The third case of this troika, Rapanos, involved the jurisdictional status of wetlands that are adjacent to nonnavigable tributaries.[67] The Court’s decision in Rapanos is harder to briefly summarize, in significant part because the case resulted in a fractured opinion, with no clear points of agreement on the majority side between Justice Scalia’s plurality opinion—which garnered the votes of three other Justices[68]—and Justice Kennedy’s concurring opinion, with respect to which he wrote for himself.[69] To keep things simple, we will assume, as the vast majority of circuits have concluded, that at least one rule that emerges from Rapanos is that these wetlands are jurisdictional at least where they meet the test established in Justice Kennedy’s concurring opinion.[70]
In Rapanos, Justice Kennedy embraced Chief Justice Rehnquist’s characterization (in SWANCC) of the operative significant nexus principle in Riverside Bayview.[71] He determined that “wetlands possess the requisite nexus, and thus come within the statutory phrase ‘navigable waters,’ if the wetlands, either alone or in combination with similarly situated lands in the region, significantly affect the chemical, physical, and biological integrity of other covered waters more readily understood as ‘navigable.’”[72]

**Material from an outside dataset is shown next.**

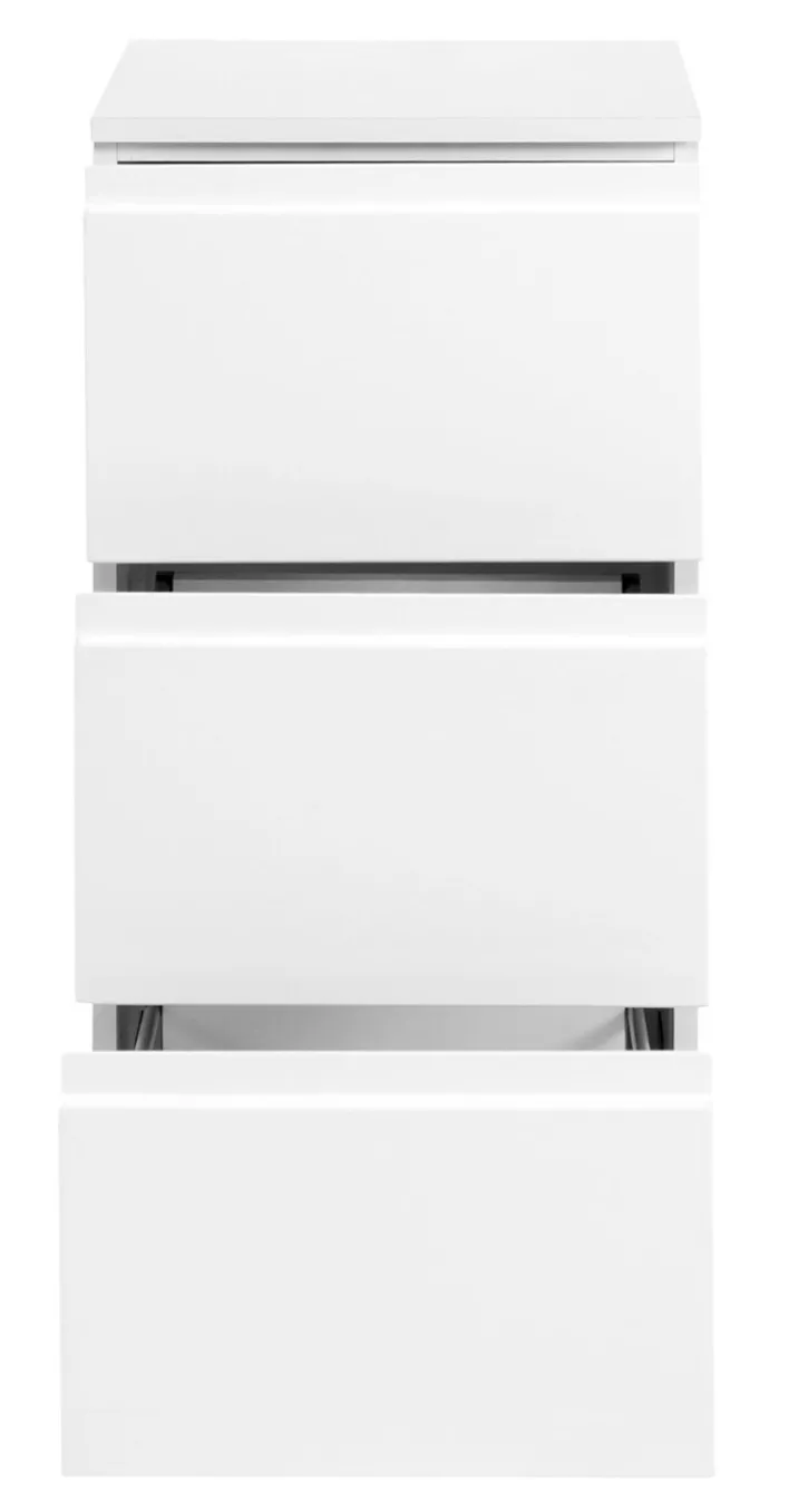 Der Unterschrank CARDIFF wertet das Badezimmer auf: In dem zusätzlichen Stauraum lassen sich Handtücher, Pflegeprodukte oder Accessoires unterbringen. Er passt auch in ein Schlaf- oder Jugendzimmer hinein. Mit den drei Schubkästen und seiner Tiefe von 35 cm stellt der Schrank wertvollen Aufbewahrungsplatz zur Verfügung. Da die Kästen ohne Griffe auskommen, ist der Reinigungsaufwand gering. Der Korpus besteht aus einer Holznachbildung, er kommt also auch mit leicht feuchten Bedingungen im Bad zurecht.
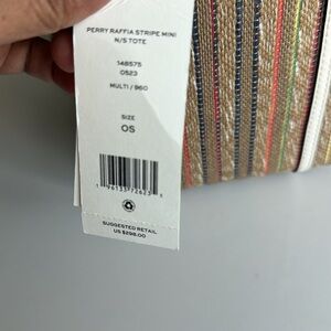 Colorful striped raffia and contrasting trims enrich a scaled-down tote fashioned with a spacious interior and multiple straps for styling versatility.

Applying this principle, Justice Kennedy found that the Corps’ old definition of “tributary”—which required only a showing that the relevant water course possessed an “ordinary high water mark”[73]—was insufficient to support a categorical determination that most or all wetlands adjacent thereto would have a significant nexus with downstream navigable waters.[74] As such, he determined that, in the short run, the Corps would have to “establish a significant nexus on a case-by-case basis when it seeks to regulate wetlands based on adjacency to nonnavigable tributaries.”[75] At the same time, however, Justice Kennedy specifically invited the Corps to take further actions that might support the establishment of a categorical approach to these issues:
Through regulations or adjudication, the Corps may choose to identify categories of tributaries that, due to their volume of flow (either annually or on average), their proximity to navigable waters, or other relevant considerations, are significant enough that wetlands adjacent to them are likely, in the majority of cases, to perform important functions for an aquatic system incorporating navigable waters.[76]
IV. A Short Summary of the Most Relevant Portions of the Clean Water Rule
The Clean Water Rule has dozens of important features.[77] For our purposes, though, we should take quick note of five of them. First, the new Rule uses the significant nexus test as its central organizing principle:
The key to the agencies’ interpretation of the CWA is the significant nexus standard, as established and refined in Supreme Court opinions: Waters are “waters of the United States” if they, either alone or in combination with similarly situated waters in the region, significantly affect the chemical, physical, or biological integrity of traditional navigable waters, interstate waters, or the territorial seas.[78]
Second, with regard to adjacency, the rule is based on the conclusion that all waters that are adjacent—within the meaning of the new Rule[79]—to any of the five categories of waters covered under the rule (including tributaries)[80] have a significant nexus with a core jurisdictional water, and thus are categorically entitled to protection.[81] There are two important underlying points here. The first is that the new Rule, for the first time, extends this favorable treatment that flows from adjacency to all waters that have the requisite proximity, not just wetlands.[82] Thus, for example, adjacent ponds are categorically deemed to be jurisdictional.[83] And, on the subject of tributaries, the Agencies took Justice Kennedy up on his invitation, finding that—given their new definition of tributary[84]—all waters adjacent thereto have the requisite nexus:
Waters adjacent to . . . covered tributaries are integrally linked to the chemical, physical, and biological functions of the waters to which they are adjacent and, through those waters, are integrally linked to the chemical, physical, and biological functions of the downstream traditional navigable waters, interstate waters, or the territorial seas.[85]
Third, the new Rule defines the term “adjacent” with more specificity than ever before and, as a general matter, somewhat expansively. Like the old rule, the new Rule grounds the principle of adjacency by reference to the words “bordering, contiguous, or neighboring.”[86] Significantly, however, the Agencies for the first time define the word “neighboring.”[87] Specifically, they make clear that it includes all waters “located in whole or in part within 100 feet of the ordinary high water mark” of any water in the relevant five categories, or any water within 1,500 feet of any of those waters, if also within the 100-year floodplain of such water.[88]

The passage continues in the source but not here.